In this study we report on thus-far unobserved proton hyperfine couplings in the well-known EPR signals of [NiFe] hydrogenases. The preparation of the enzyme in several highly homogeneous states allowed us to carefully re-examine the Ni(u), Ni(r), Ni(a)-C* and Ni(a)-L* EPR signals which are present in most [NiFe] hydrogenases. At high resolution (modulation amplitude 0.57 G), clear indications for hyperfine interactions were observed in the g(z) line of the Ni(r)* EPR signal. The hyperfine pattern became more pronounced in 2H2O. Simulations of the spectra suggested the interaction of the Ni-based unpaired electron with two equivalent, non-exchangeable protons (A1,2=13.2 MHz) and one exchangeable proton (A3=6.6 MHz) in the Ni(r)* state. Interaction with an exchangeable proton could not be observed in the Ni(u)* EPR signal. The identity of the three protons is discussed and correlated to available ENDOR data. It is concluded that the NiFe centre in the Ni(r)* state contains a hydroxide ligand bound to the nickel, which is pointing towards the gas channel rather than to iron.

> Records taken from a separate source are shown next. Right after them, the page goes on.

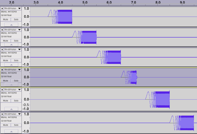 I needed a test sound file that is AC3-encoded and contains measurement sweeps in all 6 channels. For that purpose, I took the measurement sweep file generated by FuzzMeasure, and used Audacity in order to create a 6-channel file with a sweep in each channel: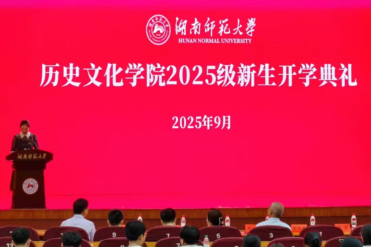 典礼以全体起立奏唱国歌拉开帷幕。刘利民致辞,代表全院师生欢迎新生,从院系起源、人才培养体系、培养平台、学科建设和师资、优秀毕业生等多个方面介绍了历文院的基本情况,并表达对新生的殷切期望。彭丽华作为教师代表发言,结合自身的经历提及现在时代飞速发展的特点,建议历史学生拓展发展方向,既要学会学习,更要学会做人,提升处理分歧、求同存异的能力。龙兵则从“坚定理想、锤炼本领、勇于担当”三个方面表达对新生的期待。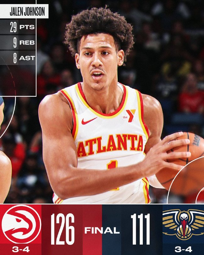 老鹰(3-4):杰伦-约翰逊29分9篮板8助攻2抢断2盖帽、特雷-杨23分4篮板12助攻、里萨谢11分5篮板3抢断、丹尼尔斯16分5篮板3助攻、南斯14分6篮板、马修斯11分3篮板。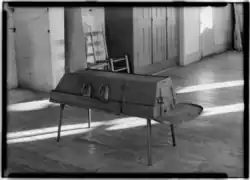 Der Bügeleisenofen, auch Plättofen genannt, ist ein spezieller Ofen des 19. Jahrhunderts. Er unterscheidet sich von einem Kochofen durch einen Aufsatz, an dem ein oder aber gleichzeitig mehrere Plätteisen aufgeheizt werden können.[1][2] Letzterer fand Verwendung bei Hutmachern, Büglerinnen und Schneidern, die große Mengen an Bügelwäsche zu bewältigen hatten.[3]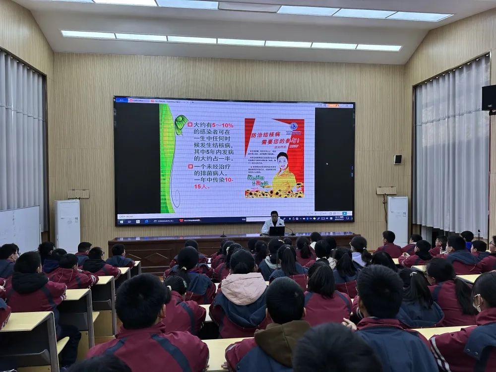 讲座上,区疾控中心专业技术人员结合自己的工作经验为在场师生上了一堂精彩的课程,他用生动的语言、直观的图文画面、形象的事例详细讲解了什么是结核病、肺结核有哪些常见症状、肺结核的危害、如何治疗和预防结核病、学校结核病常规预防控制措施等,并号召学生们要积极行动,从自身做起,平时养成良好的生活习惯,注重个人卫生,加强体育锻炼,均衡营养,增强抵抗力,有效降低肺结核的传播风险。同时,疾控工作人员还通过在校园大屏、向学生们发放宣传手册等方式,普及结核病防治知识。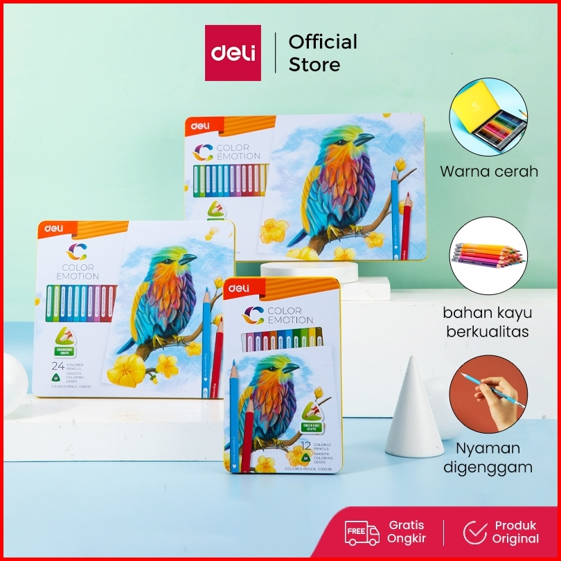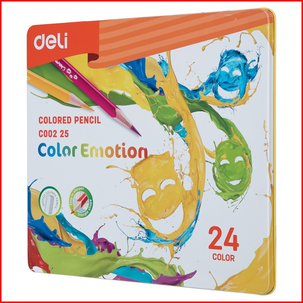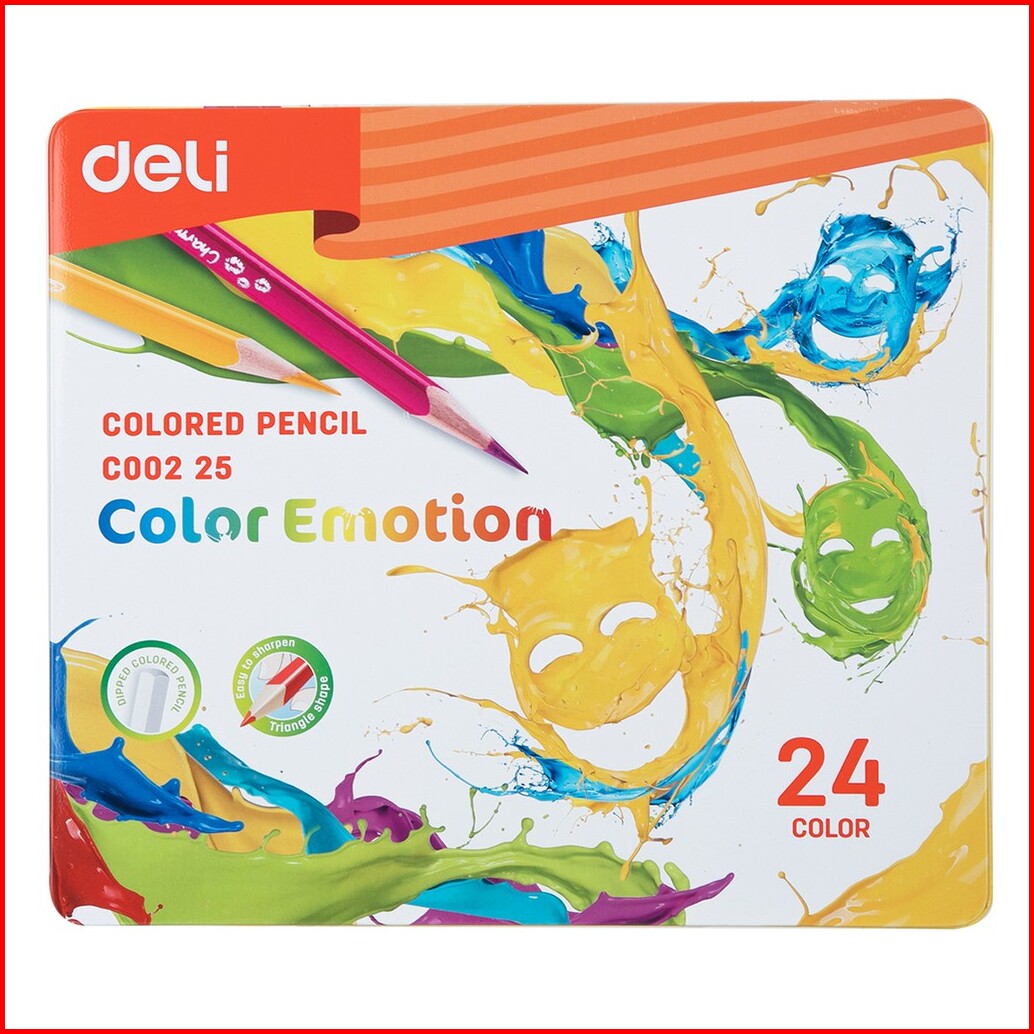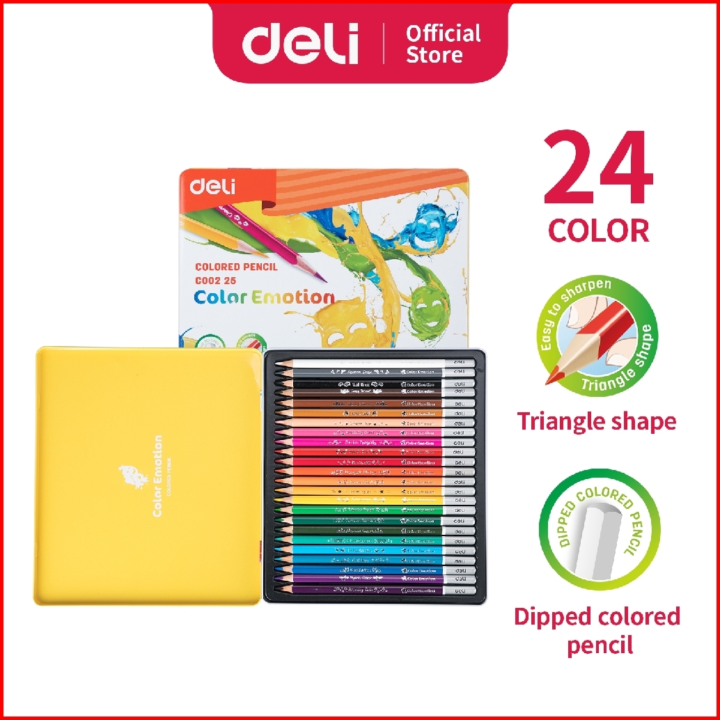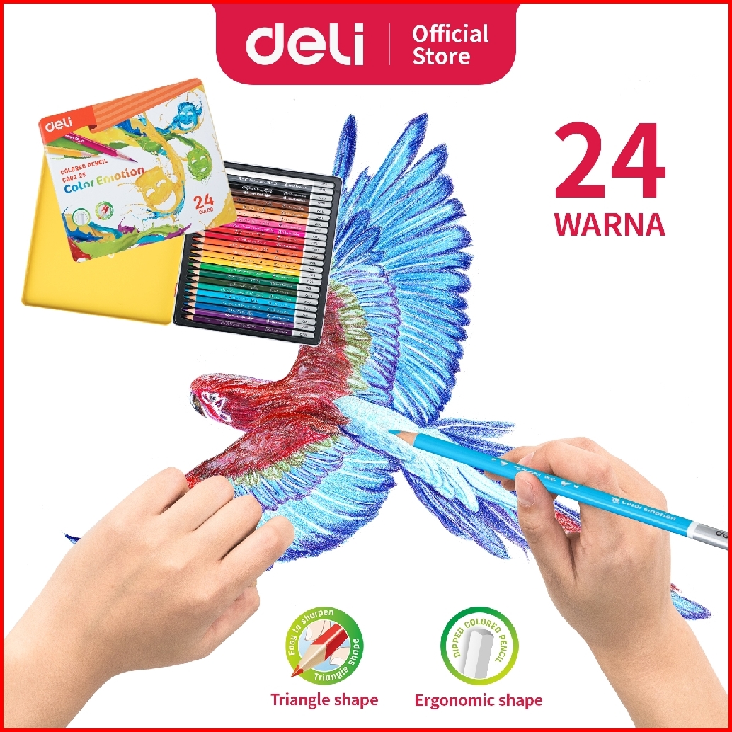 Deli Pensil Warna Halus 24 Warna Bentuk Segitiga Ergonomis Ec00225

在本研究中,我们报告了在[NiFe]氢化酶著名的电子顺磁共振(EPR)信号中迄今未观察到的质子超精细耦合。将该酶制备成几种高度均一的状态,使我们能够仔细重新检查大多数[NiFe]氢化酶中存在的Ni(u)、Ni(r)、Ni(a)-C和Ni(a)-L EPR信号。在高分辨率(调制幅度0.57 G)下,在Ni(r)* EPR信号的g(z)线中观察到了超精细相互作用的明确迹象。在2H2O中,超精细模式变得更加明显。光谱模拟表明,在Ni(r)状态下,基于镍的未成对电子与两个等效的、不可交换的质子(A1,2 = 13.2 MHz)和一个可交换的质子(A3 = 6.6 MHz)相互作用。在Ni(u) EPR信号中未观察到与可交换质子的相互作用。讨论了这三个质子的身份,并将其与可用的电子核双共振(ENDOR)数据相关联。得出的结论是,Ni(r)*状态下的NiFe中心包含一个与镍结合的氢氧根配体,该配体指向气体通道而非铁。